======== Input data
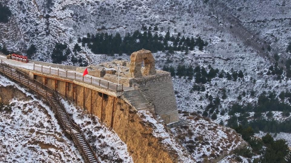 近日,雪后的朔州市山阴县广武长城呈现出沧桑壮美的独特景观。广武长城披上了一层银装,从空中俯瞰,宛如巨龙横亘山间,气势恢宏,沧桑古朴。
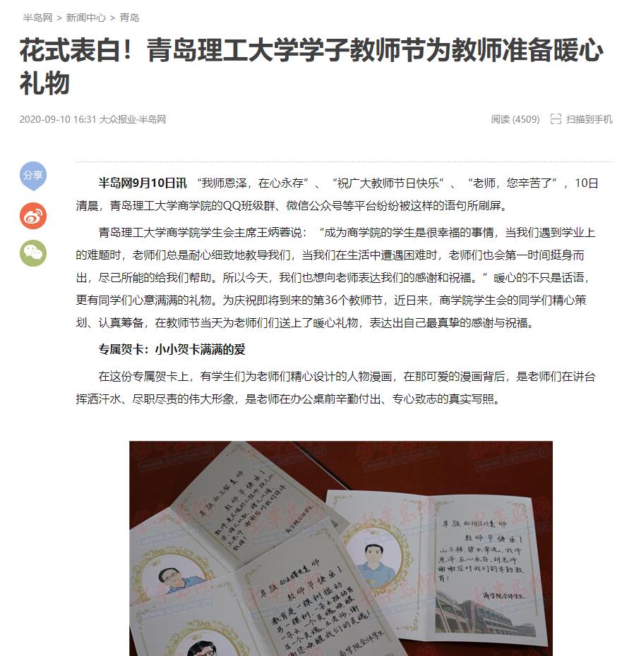 大众网、海报新闻:教师节爱意满满!理工学子为教师准备暖心礼物
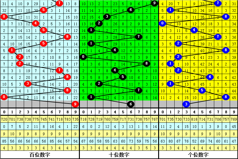 首号球:上期奖号为0,开出小 号、偶号,该位前10次开出小 号、偶号的现象时其奖号分别为:453、258、282、220、286、207、038、420、202、281,其中首号球012路比为1:2:7。
================
■ Task details
Return the listing unchanged except for the pictures, which should be dropped.

■ Answer
 近日,雪后的朔州市山阴县广武长城呈现出沧桑壮美的独特景观。广武长城披上了一层银装,从空中俯瞰,宛如巨龙横亘山间,气势恢宏,沧桑古朴。
 大众网、海报新闻:教师节爱意满满!理工学子为教师准备暖心礼物
 首号球:上期奖号为0,开出小 号、偶号,该位前10次开出小 号、偶号的现象时其奖号分别为:453、258、282、220、286、207、038、420、202、281,其中首号球012路比为1:2:7。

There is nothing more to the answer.